Assigned task
An exact repetition of the data is required; no picture should appear in it.

Information shown
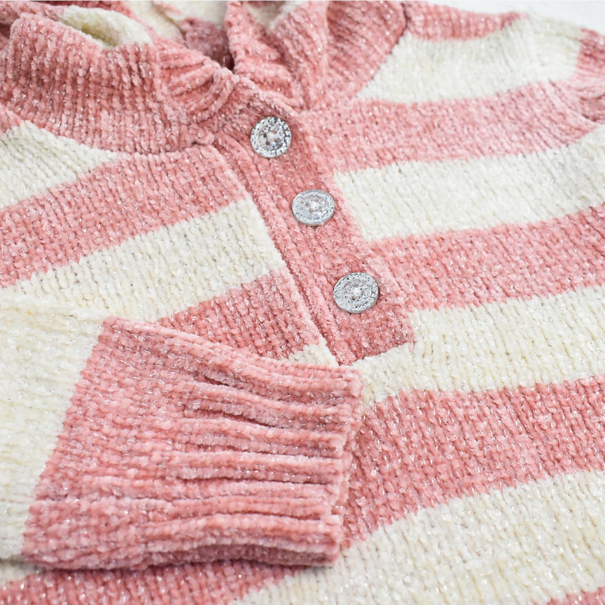 BTWEEN DARK PINK STRIPED OVERALL GLITTER HOODED SWEATER
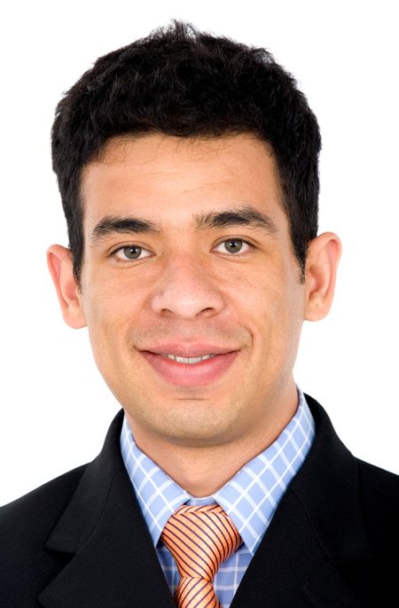 business man leaning over something imaginary - isolated over a white background
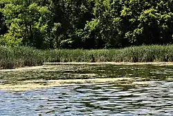 In its upper course the river flows through a morainic region of numerous lakes, in a course characterized by meadows and wooded hills, as well as marshy stretches near areas where the river passes through lakes. The largest lakes on the river include Ten Mile Lake in Otter Tail County; Pomme de Terre and Barrett Lakes in Grant County; and Perkins Lake in Stevens County. The water levels of several lakes on the river's course are maintained by small dams. Downstream of Morris, the river flows on till plains between eroding banks and becomes increasingly turbid. According to the Minnesota Pollution Control Agency, approximately 81% of the land in the Pomme de Terre River's watershed is used for agriculture; of this area, half is used for the cultivation of corn and soybeans, and 43% for that of hay and small grains.[8][10][11]
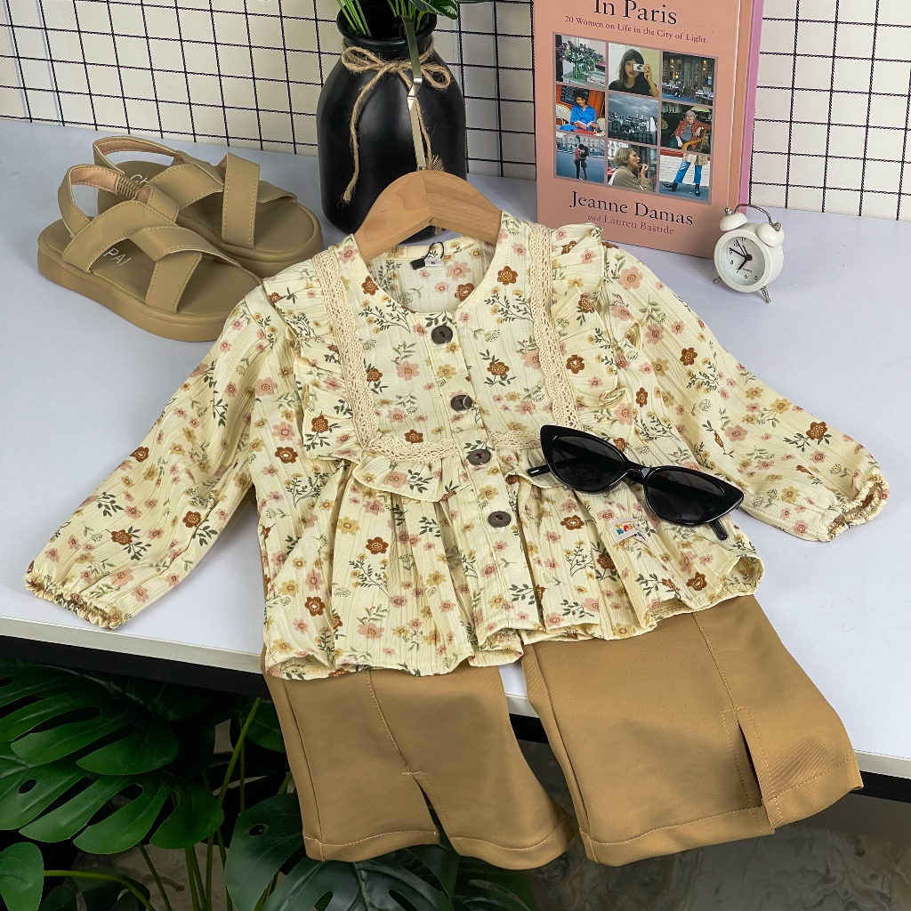 AURELIA Coksu Set Baju Celana Anak Cewek Lengan Panjang Motif Bunga Crinkle Premium -BAP-37

Solution
 BTWEEN DARK PINK STRIPED OVERALL GLITTER HOODED SWEATER
 business man leaning over something imaginary - isolated over a white background
 In its upper course the river flows through a morainic region of numerous lakes, in a course characterized by meadows and wooded hills, as well as marshy stretches near areas where the river passes through lakes. The largest lakes on the river include Ten Mile Lake in Otter Tail County; Pomme de Terre and Barrett Lakes in Grant County; and Perkins Lake in Stevens County. The water levels of several lakes on the river's course are maintained by small dams. Downstream of Morris, the river flows on till plains between eroding banks and becomes increasingly turbid. According to the Minnesota Pollution Control Agency, approximately 81% of the land in the Pomme de Terre River's watershed is used for agriculture; of this area, half is used for the cultivation of corn and soybeans, and 43% for that of hay and small grains.[8][10][11]
 AURELIA Coksu Set Baju Celana Anak Cewek Lengan Panjang Motif Bunga Crinkle Premium -BAP-37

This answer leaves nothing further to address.